=== Data for processing ===

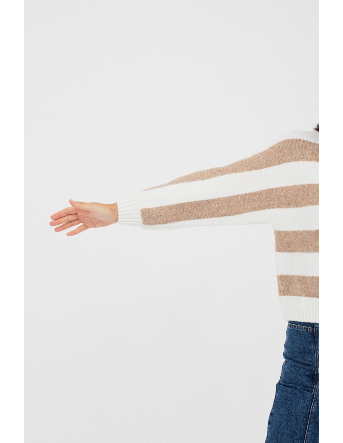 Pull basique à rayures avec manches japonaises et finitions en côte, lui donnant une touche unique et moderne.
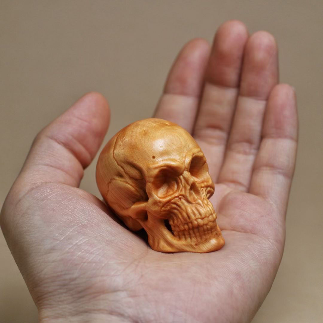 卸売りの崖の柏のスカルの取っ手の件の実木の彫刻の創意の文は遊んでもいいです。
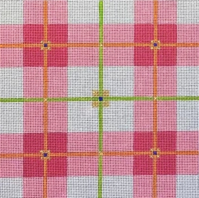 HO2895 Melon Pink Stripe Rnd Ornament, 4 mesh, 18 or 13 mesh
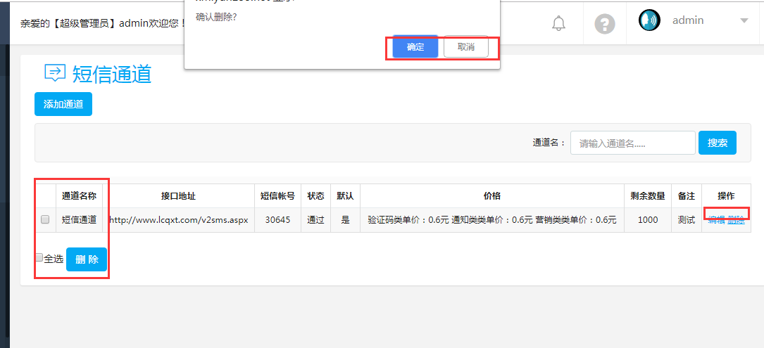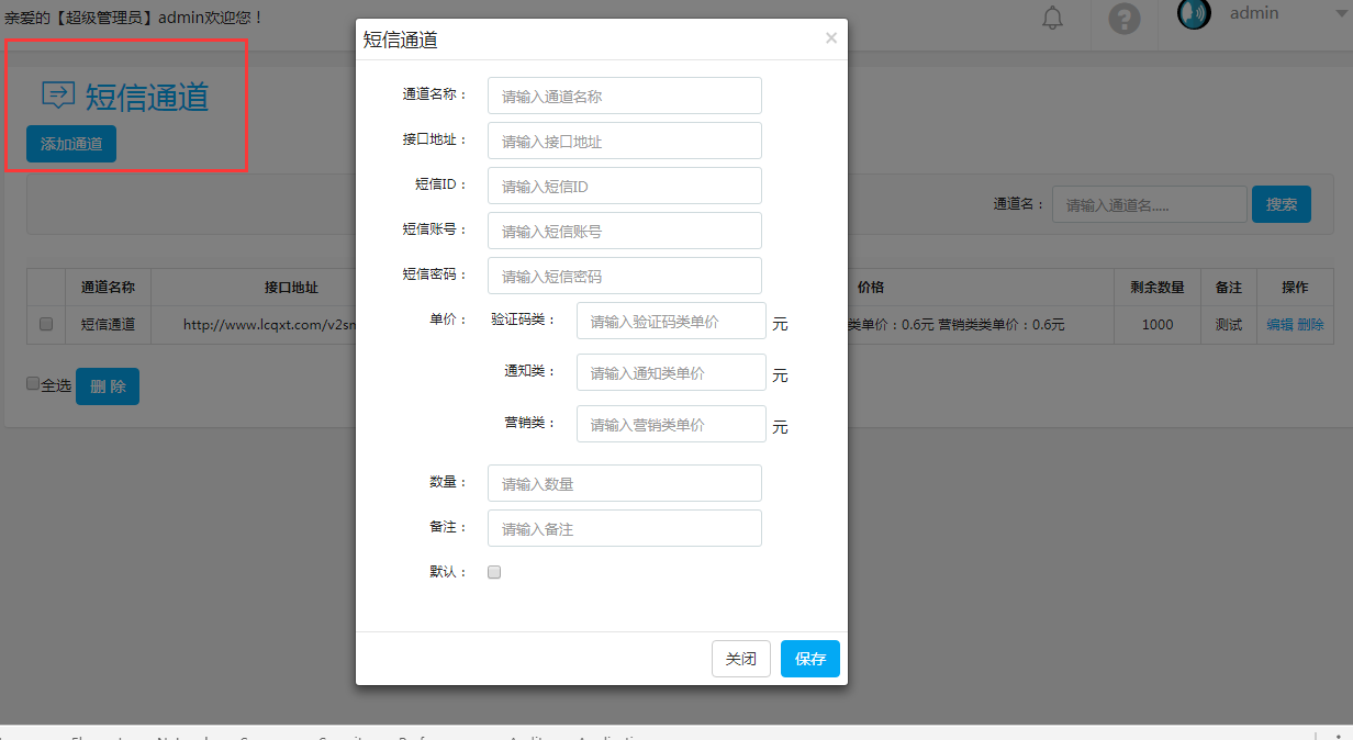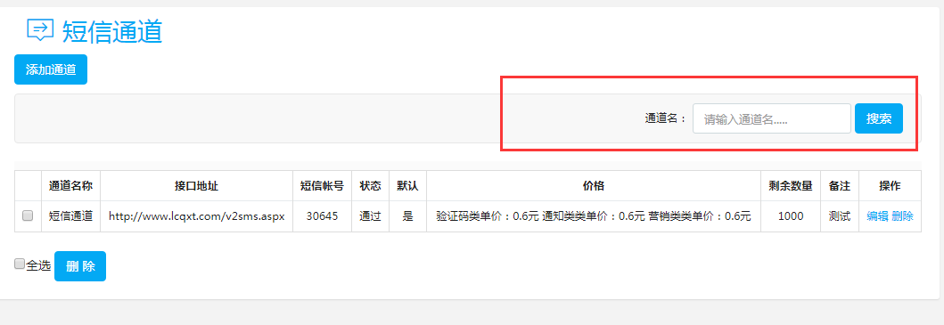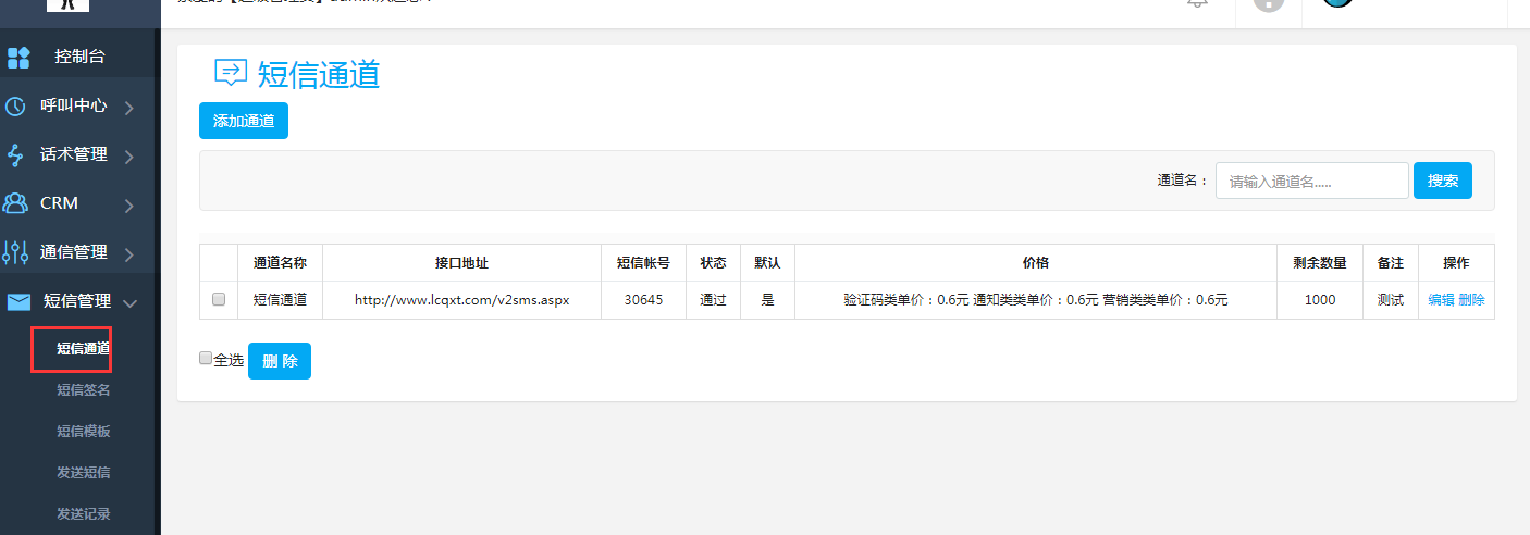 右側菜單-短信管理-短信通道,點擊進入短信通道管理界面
---
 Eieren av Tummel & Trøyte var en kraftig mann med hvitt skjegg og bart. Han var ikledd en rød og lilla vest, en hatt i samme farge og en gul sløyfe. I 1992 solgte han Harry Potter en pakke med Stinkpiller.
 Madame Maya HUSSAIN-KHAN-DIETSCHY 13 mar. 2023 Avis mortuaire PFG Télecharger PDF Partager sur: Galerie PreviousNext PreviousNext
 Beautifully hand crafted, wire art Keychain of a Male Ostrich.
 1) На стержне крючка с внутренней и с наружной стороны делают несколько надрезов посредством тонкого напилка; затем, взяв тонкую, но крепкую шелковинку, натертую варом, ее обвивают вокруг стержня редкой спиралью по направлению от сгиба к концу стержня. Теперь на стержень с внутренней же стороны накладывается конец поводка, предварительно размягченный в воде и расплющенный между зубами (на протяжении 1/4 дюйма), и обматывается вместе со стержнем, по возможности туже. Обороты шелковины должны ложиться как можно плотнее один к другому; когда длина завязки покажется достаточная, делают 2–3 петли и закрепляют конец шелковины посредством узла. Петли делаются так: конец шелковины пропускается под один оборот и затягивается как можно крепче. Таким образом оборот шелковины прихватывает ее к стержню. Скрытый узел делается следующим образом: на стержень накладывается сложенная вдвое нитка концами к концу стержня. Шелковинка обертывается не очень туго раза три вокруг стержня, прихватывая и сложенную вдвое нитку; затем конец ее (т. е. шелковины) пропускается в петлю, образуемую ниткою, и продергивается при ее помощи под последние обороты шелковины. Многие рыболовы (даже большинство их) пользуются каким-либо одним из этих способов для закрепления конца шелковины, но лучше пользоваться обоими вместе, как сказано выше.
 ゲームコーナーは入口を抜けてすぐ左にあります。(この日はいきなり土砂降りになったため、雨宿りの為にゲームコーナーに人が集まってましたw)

=== Task directions ===
Each line above starting at the one holding "Pull basique à" and ending at the one holding "右側菜單-短信管理-短信通道,點擊進入短信通道管理界面" should be set down exactly as it stands, both ends included, with no pictures.

=== Exercise result ===
 Pull basique à rayures avec manches japonaises et finitions en côte, lui donnant une touche unique et moderne.
 卸売りの崖の柏のスカルの取っ手の件の実木の彫刻の創意の文は遊んでもいいです。
 HO2895 Melon Pink Stripe Rnd Ornament, 4 mesh, 18 or 13 mesh
 右側菜單-短信管理-短信通道,點擊進入短信通道管理界面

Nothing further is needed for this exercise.